Testing Apache Tez with Apache BigTop's new Testing Infrastructure
Apache BigTop's utilities can be consumed and reused by any hadoop distribution, not just itself. Puppet recipes, RPM specifications, and so on, can save vendors weeks or months of time if borrowed from BigTop rather than maintained in house. However, until recently, the tests were somewhat difficult to customize and hack on.
So, after alot of stimulating debate, we finally settled on our new test infrastructure. For those interested in building an integration test framework, especially a Java based application, where Java/Scala/Groovy based API calls will be important to run in an integration context, gradle based tests can be very powerful.
- You can organize gradle source trees easily, without any requirement for complex package hierarchies.
- You can dynamically add source sets without alot of boiler plate, meaning the tests can easily by extended and hacked by new engineers, devops folks, etc.
- You can still test low level java functionality easily, by adding java libraries to the classpath at runtime, without needing to compile jars and manage a whole maven style project.
- The test interface is easy to customize with arguments. You can parse arguments however you want.
- Gradle combines the power of groovy into a declarative language for builds
- Using something like gradle-wrapper, you can make your java based tests easy to consume by anyone, even folks outside the java community.
As an example of how to use gradle for integration tests, I'll demonstrate how we retooled the BigTop tests.
You can check out the new tests by cloning bigtop, and going into the bigtop-tests/smoke-tests directory.
First lets take a look at the overall directory structure of the testing suite.
[bigtop@sandbox smoke-tests]$ tree
├── build.gradle
├── flume
│ ├── build.gradle
│ ├── conf
│ │ └── flume.conf
│ ├── log4j.properties
│ └── TestFlumeNG.groovy
├── hive
│ ├── build.gradle
│ └── log4j.properties
├── mahout
│ ├── build.gradle
│ └── log4j.properties
├── mapreduce
│ └── build.gradle
Testing Apache Tez with Apache BigTop
So, what better way to demonstrate the flexibility of the BigTop testing suite than to use it to test another tool, native to another distribution : Apache Tez on Hortonworks HDP !
The code for these tests is in this jira which also has the patch to add a simple Tez test to bigtop attached to it.
How it works
Its pretty simple... Above we can see that each ecosystem component has a "build.gradle" file. The build.gradle file contains a few dependencies, and the names of classes which it will be calling for tests.
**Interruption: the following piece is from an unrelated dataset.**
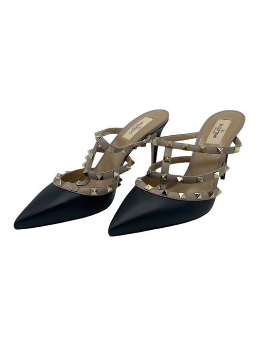 Valentino Black & Beige Leather Rockstud Caged Pumps 8 M / 9.5 W
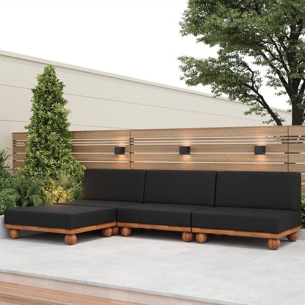 Steffi Modern 4-Piece Solid Wood L-Shape Outdoor Patio Sectional Sofa Set with Ottoman and Black Cushions, Round Legs

There is also a top-level build.gradle file. The job of this file is to send global parameters to the sub tests, it does no testing of its own. We do this using the "subprojects" directive. Finally, there is a settings.gradle file, that parses our input arguments to decide which tests to run.
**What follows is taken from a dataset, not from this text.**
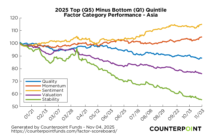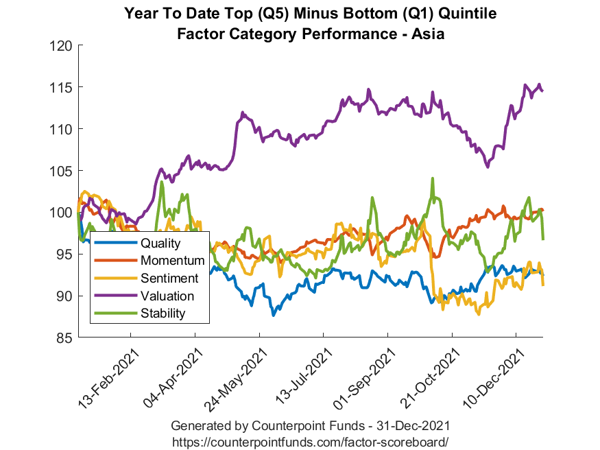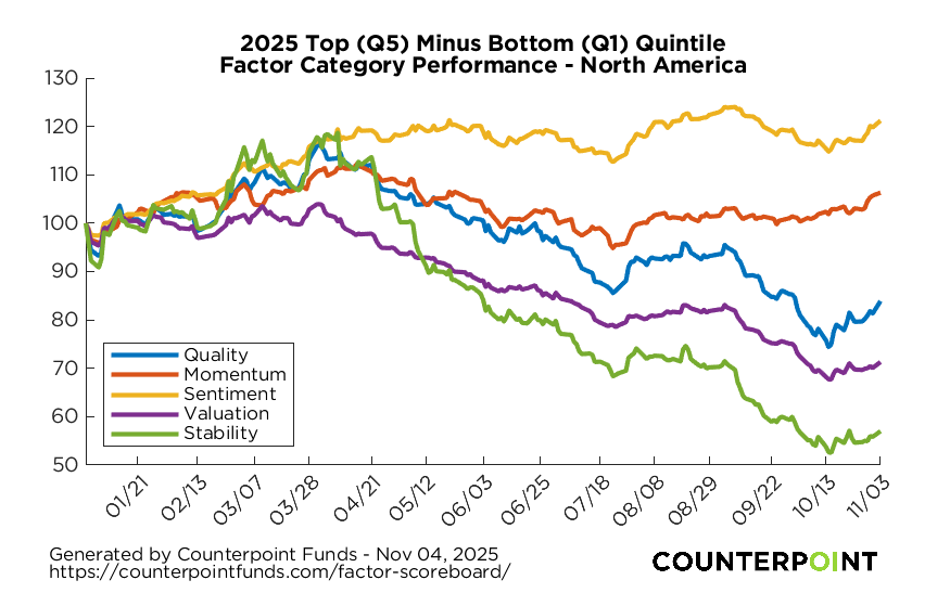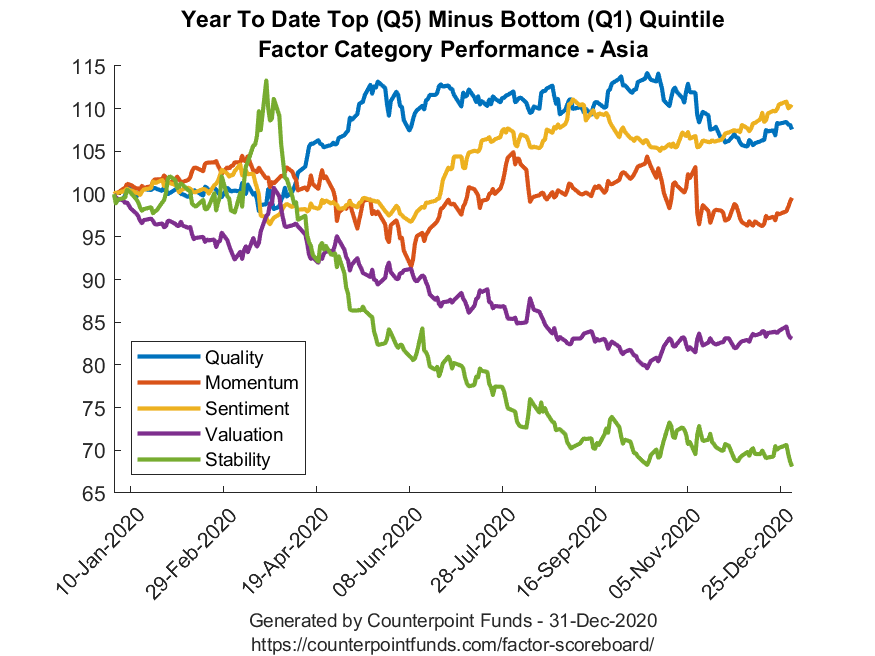 This is an informational resource only. The above factor category returns do not represent returns of holdings of Counterpoint’s Tactical Equity Fund. We compute factor categories by blending returns of individual factors in an equal-weighted manner. Counterpoint uses these individual factors as early-stage inputs to its equity funds’ market-neutral models. These returns are meant to give investors an indication of what is happening to broad factor return categories for various time frames. While these are not returns to Counterpoint’s funds, there may be a correlation between performance on the Factor Scoreboard and the funds’ market-neutral component.

So, how do we extend these tests? Easy !
- Pick any existing test as a template (for example, pig/) and just copy the files into a new directory.
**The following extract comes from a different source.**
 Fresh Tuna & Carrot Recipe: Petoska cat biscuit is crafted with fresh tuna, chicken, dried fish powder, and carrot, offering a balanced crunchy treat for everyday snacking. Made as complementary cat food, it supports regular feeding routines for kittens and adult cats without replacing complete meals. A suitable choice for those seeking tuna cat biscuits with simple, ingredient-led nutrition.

- Create a directory, for example "tez/"
- Customize the environment variables you want defined for your test in build.gradle
- Customize the unit testing script (which uses itest and junit for assertions and running bash commands)
- Run your new tests : gradle clean compileGroovy -Dsmoke.tests=tez --info
There it is : In slightly below 100 lines of code, by adding two simple files, we were able to add a new test the bigtop test suite. Note that we didn't have to edit a single existing file to run this test, rather, we just dumped some groovy scripts into a new directory, and gradle discovered, ran the tests for us, and created a nice little html report as well, which is now available in ./build/reports/tests/index.html. Gradle also injected the inherited dependencies for us, and did some basic sanity checking as well.
We can see that, the original test ram a MapReduce job - but after turning tez on, indeed our job UI shows that we can now test Tez using BigTop's test framework.